* **Task item**
With the pictures excluded, reproduce all of the data exactly.
-- Raw data follows --
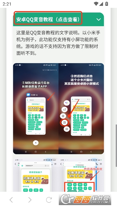 独立设置使用帮助板块,针对性提供安卓QQ变音教程、安卓微信变音教程、安卓苹果手机没声音解决方案,每个教程均标注点击查看,用户遇到问题时无需四处搜索,直接在软件内即可获取清晰指引,高效解决使用难题。
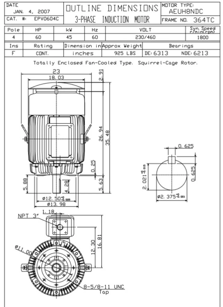 - NEMA 364TC Frame, 5 5/8 x 2 3/8″ Dia. Keyed Shaft
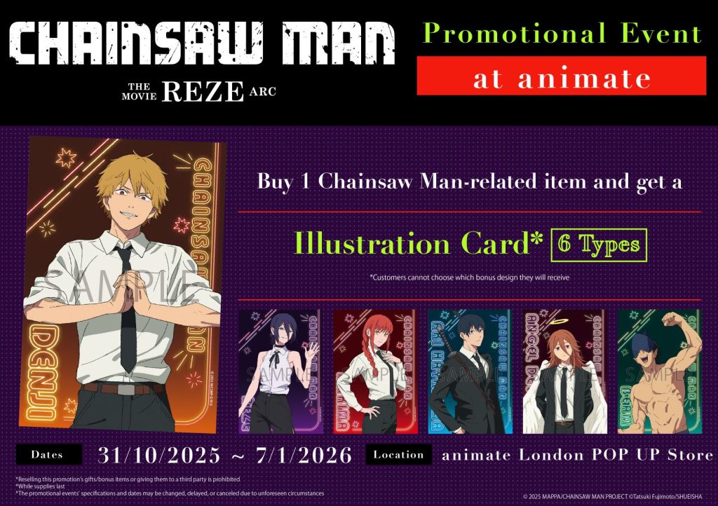 Next up is Chainsaw Man – The Movie: Reze Arc Promotional Event if buy any Chainsaw man product in store you will get one of six art card each with a diffent Chainsaw man cast member on it ( I hope I get beam)
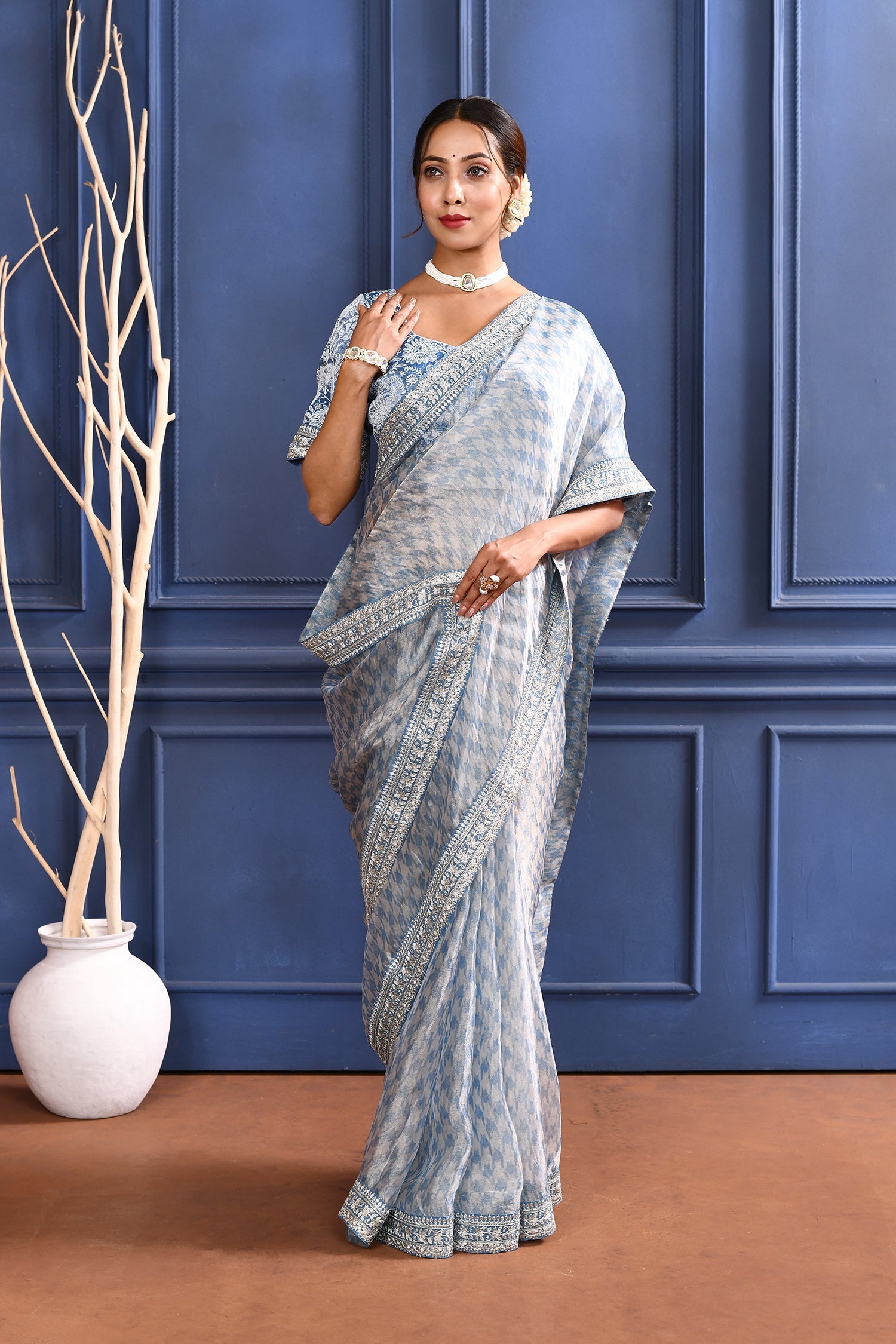 The aqua blue printed tissue saree with embroidered self border and stitched blouse for a stunning look with traditional elegance.
-- Raw data concluded --
* **Completed exercise**
 独立设置使用帮助板块,针对性提供安卓QQ变音教程、安卓微信变音教程、安卓苹果手机没声音解决方案,每个教程均标注点击查看,用户遇到问题时无需四处搜索,直接在软件内即可获取清晰指引,高效解决使用难题。
 - NEMA 364TC Frame, 5 5/8 x 2 3/8″ Dia. Keyed Shaft
 Next up is Chainsaw Man – The Movie: Reze Arc Promotional Event if buy any Chainsaw man product in store you will get one of six art card each with a diffent Chainsaw man cast member on it ( I hope I get beam)
 The aqua blue printed tissue saree with embroidered self border and stitched blouse for a stunning look with traditional elegance.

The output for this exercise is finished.